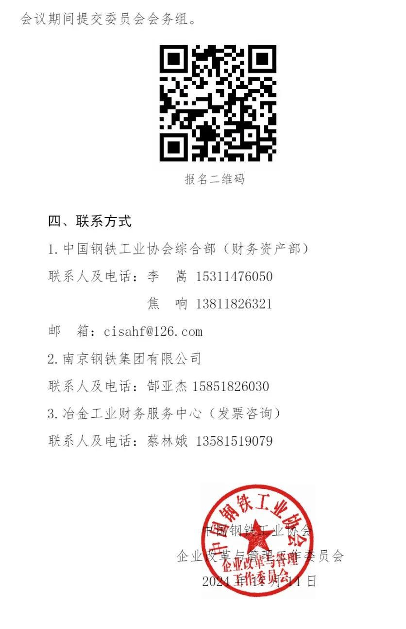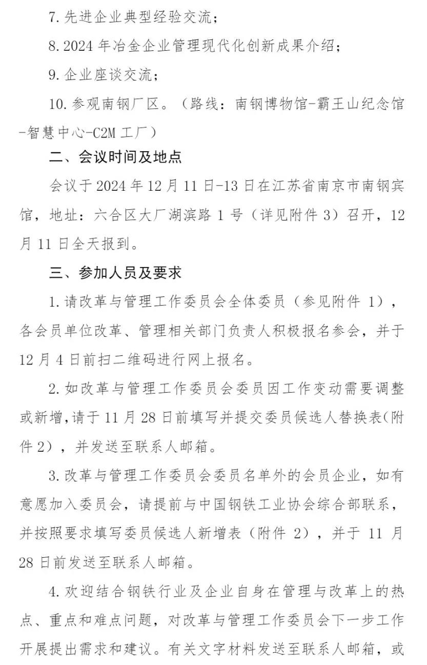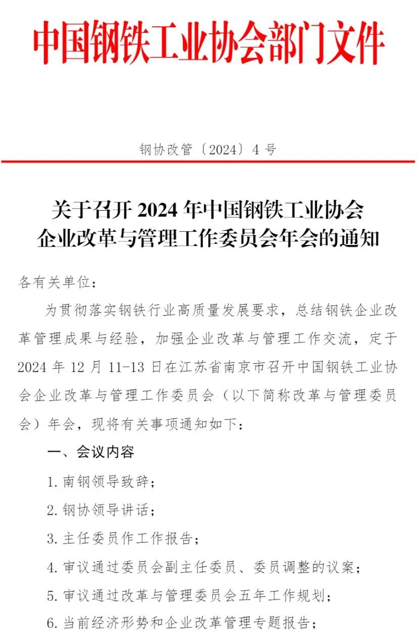 關(guān)于召開(kāi)2024年中國(guó)鋼鐵工業(yè)協(xié)會(huì)企業(yè)改革與管理工作委員會(huì)年會(huì)的通知
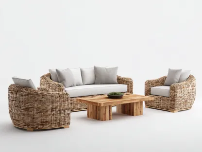 Canapé de jardin en rotin synthétique avec table basse - canapé 180x85x78 cm fauteuil 85x85x78 cm table basse 100x60x38 cm - beige naturel-bois naturel - style extérieur contemporain
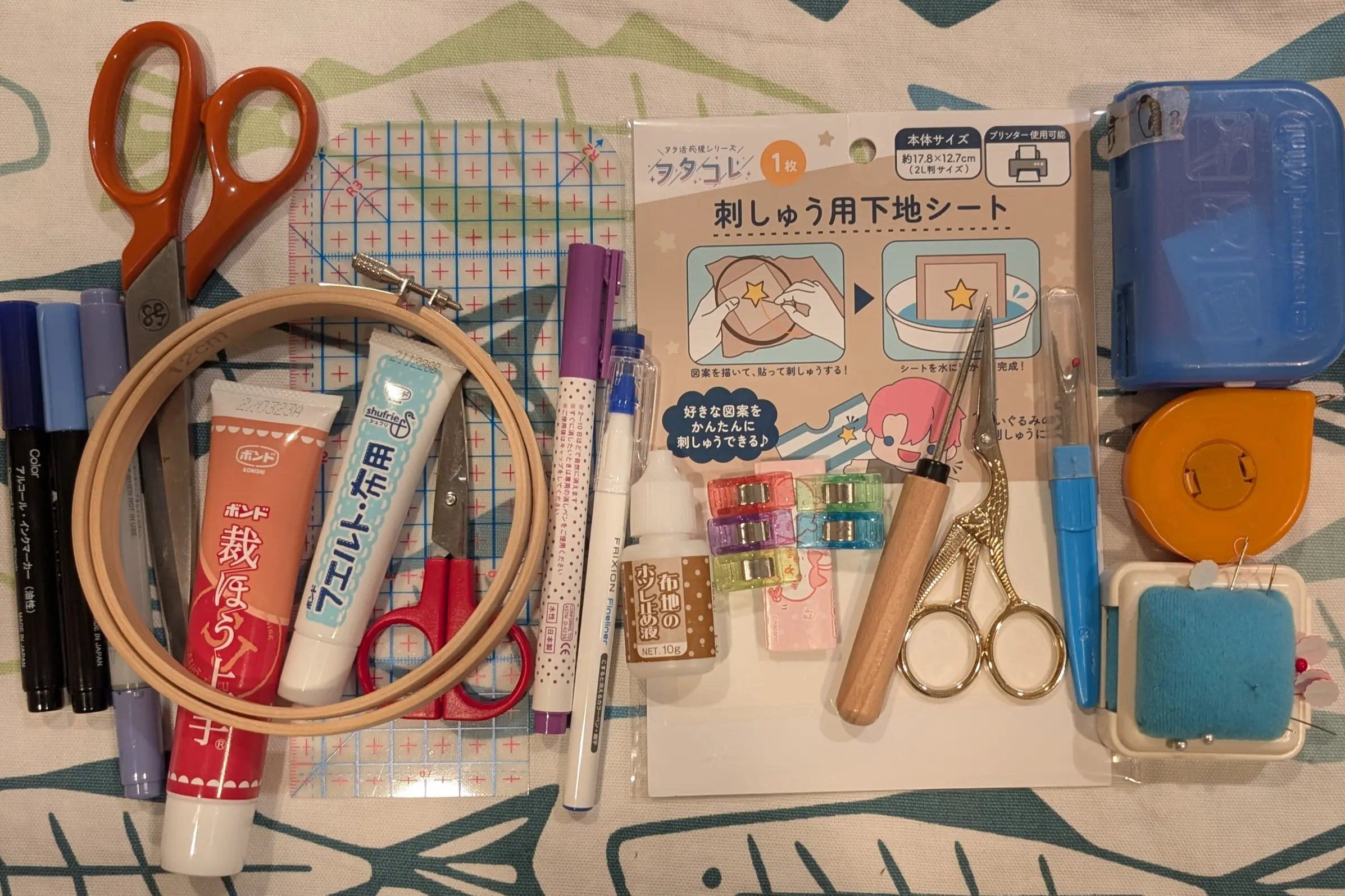コニシの「布・フェルト用ボンド」が、乾いてもボンドが硬くならないのでオススメ。逆に硬くしたい時はコニシの「ボンド 裁ほう上手」がオススメ。 - パッチワーク用の小さいハサミ
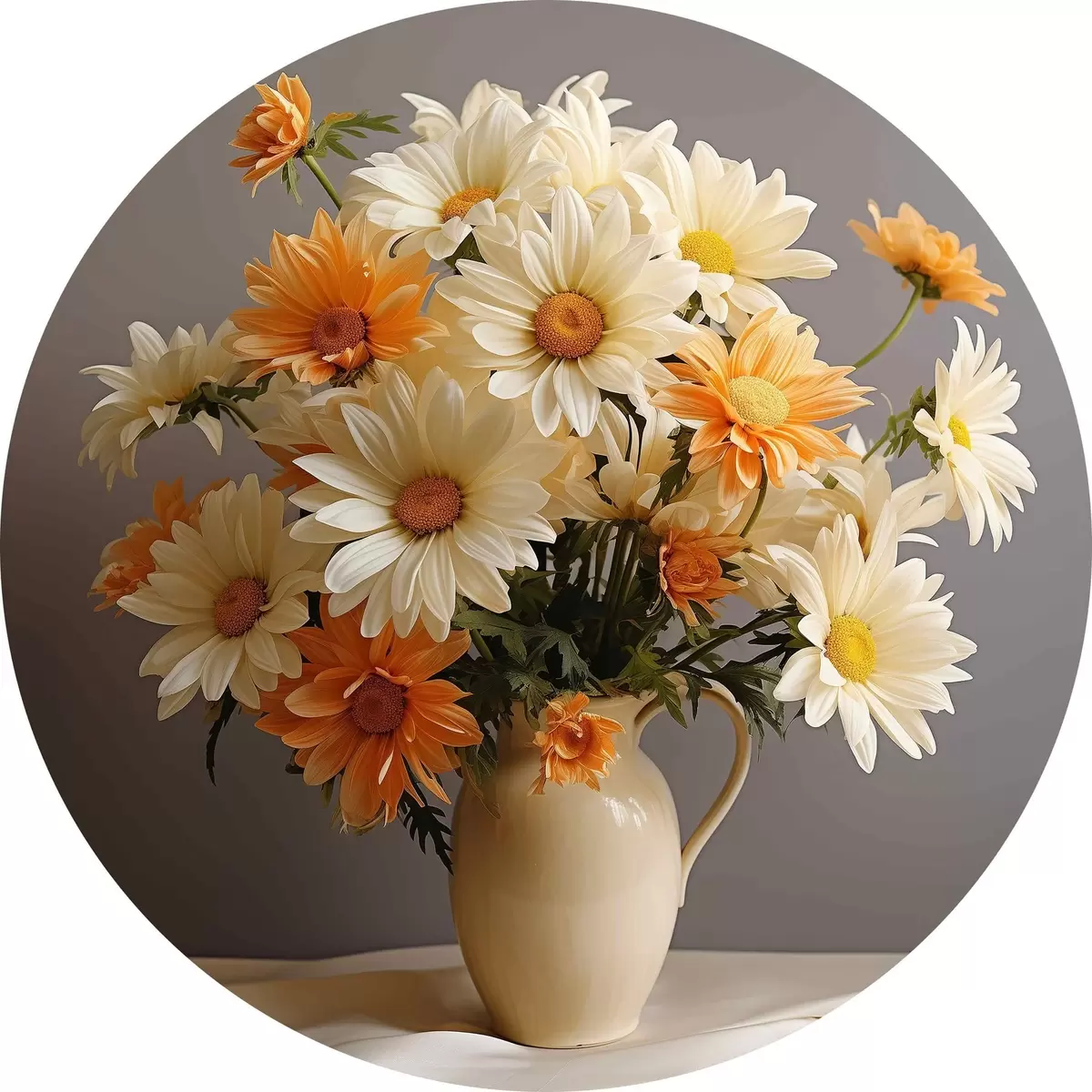Runde Gemälde Eine Vase mit Blumen auf dem Tisch r36812
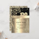 Secuencias de oro, vestido, copa de champán, botella y flores sobre fondo negro y dorado.

:::

EXERCISE PROMPT:
Everything in the records above should be printed again exactly, except the pictures.

EXERCISE OUTPUT:
 關(guān)于召開(kāi)2024年中國(guó)鋼鐵工業(yè)協(xié)會(huì)企業(yè)改革與管理工作委員會(huì)年會(huì)的通知
 Canapé de jardin en rotin synthétique avec table basse - canapé 180x85x78 cm fauteuil 85x85x78 cm table basse 100x60x38 cm - beige naturel-bois naturel - style extérieur contemporain
コニシの「布・フェルト用ボンド」が、乾いてもボンドが硬くならないのでオススメ。逆に硬くしたい時はコニシの「ボンド 裁ほう上手」がオススメ。 - パッチワーク用の小さいハサミ
Runde Gemälde Eine Vase mit Blumen auf dem Tisch r36812
 Secuencias de oro, vestido, copa de champán, botella y flores sobre fondo negro y dorado.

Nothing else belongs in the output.